La gestión de identidades como clave para proteger los datos en la nube

En el contexto actual de entornos de nube complejos y centrados en datos, la mayor amenaza para las organizaciones no radica únicamente en la posibilidad de filtraciones de datos, sino en la erosión de la confianza en la gestión de esos mismos datos. Esta preocupación se intensifica conforme las organizaciones trasladan aplicaciones y datos sensibles al ámbito digital, lo que ha llevado a situar la identidad como el nuevo punto de control para asegurar el acceso y proteger información crítica.
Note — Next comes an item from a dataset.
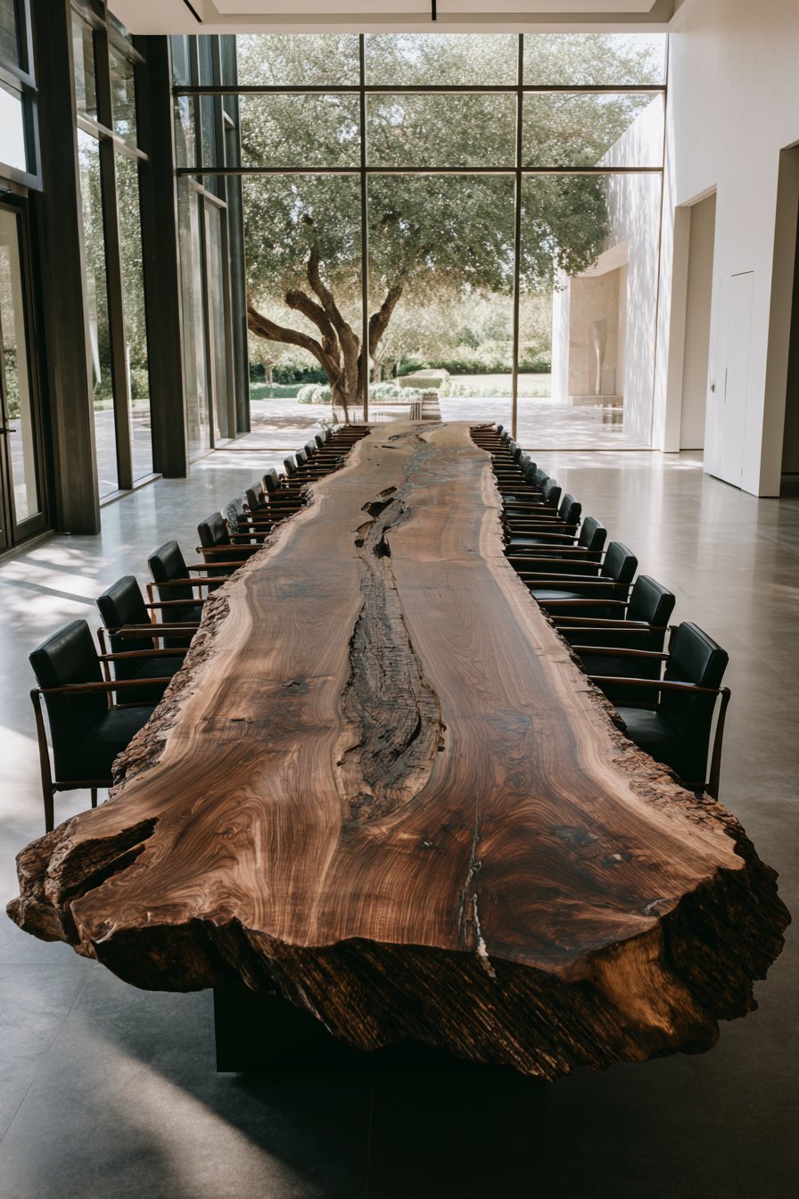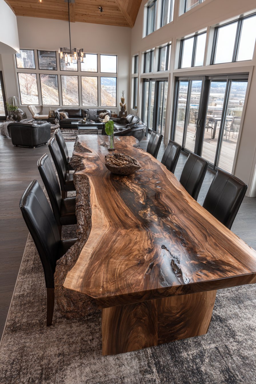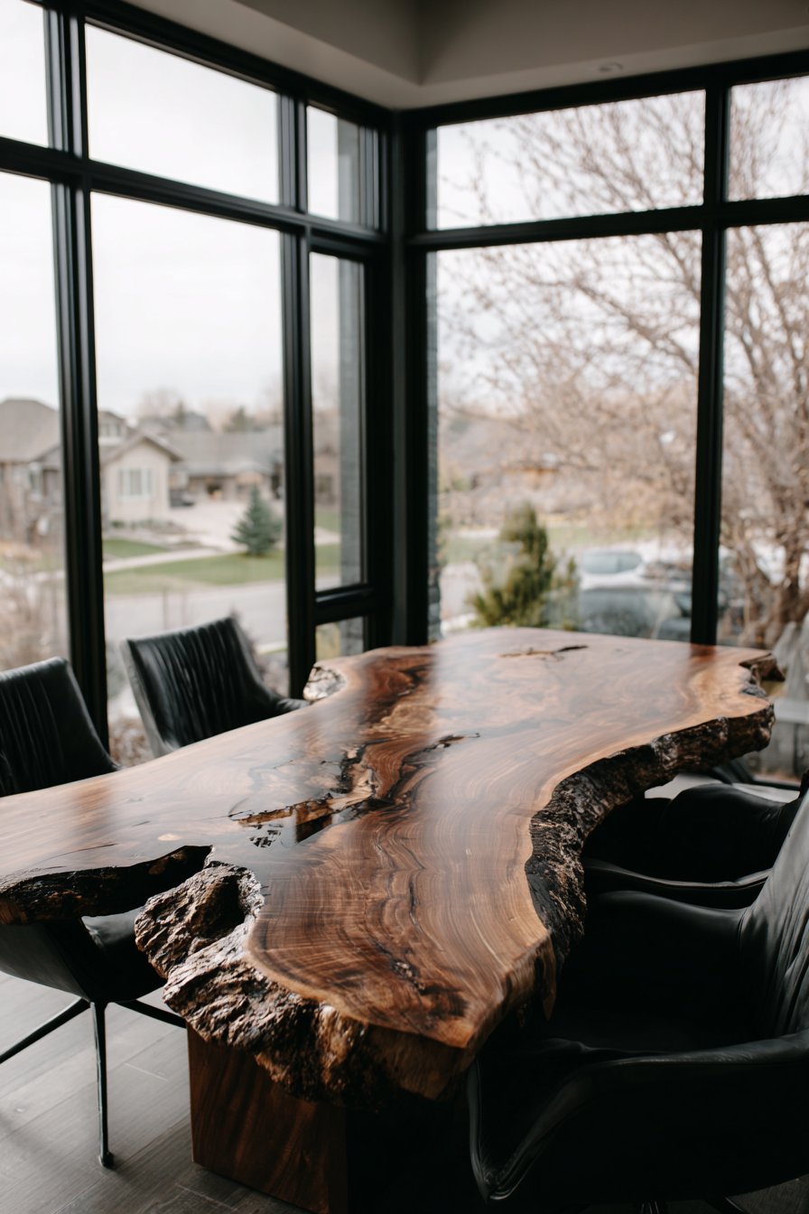 Positioned near floor-to-ceiling windows, the table receives abundant natural light that shifts throughout the day, constantly revealing new details in the wood’s complex grain patterns and highlighting the three-dimensional qualities of the live edges. Simple modern chairs in black leather provide necessary seating without competing visually with the table’s organic drama. The restraint shown in surrounding furnishings allows the walnut slab to command attention as the room’s undisputed focal point.

La erosión de la confianza

Sin embargo, muchas empresas todavía enfrentan serios desafíos, que incluyen sistemas de identidad aislados y políticas de acceso inconsistentes. Además, el panorama de amenazas es cada vez más amplio, abarcando desde configuraciones erróneas hasta fraudes impulsados por inteligencia artificial. La falta de un marco de identidad robusto puede dejar a las organizaciones vulnerables ante estas amenazas emergentes.

En este contexto, Rob Otto, CTO de EMEA en Ping Identity, enfatiza la importancia de las estrategias de seguridad centradas en la identidad. Durante la reciente Cumbre Virtual de Seguridad en la Nube, Otto explicó cómo las empresas globales están reestableciendo el control, simplificando el acceso a la nube y protegiendo datos críticos sin sacrificar la experiencia del usuario. Se destacó que la implementación de la identidad adaptativa puede fundamentar una postura resiliente en la nube y potenciar iniciativas de confianza cero.

La sesión se diseñó para proporcionar conocimientos clave sobre cómo la gestión adecuada de la identidad puede no solo garantizar la seguridad, sino también aumentar la confianza en cada interacción digital. Este enfoque es crucial para que las organizaciones mantengan su integridad y estabilidad en un mundo cada vez más digitalizado, donde la confianza se convierte en el activo más valioso.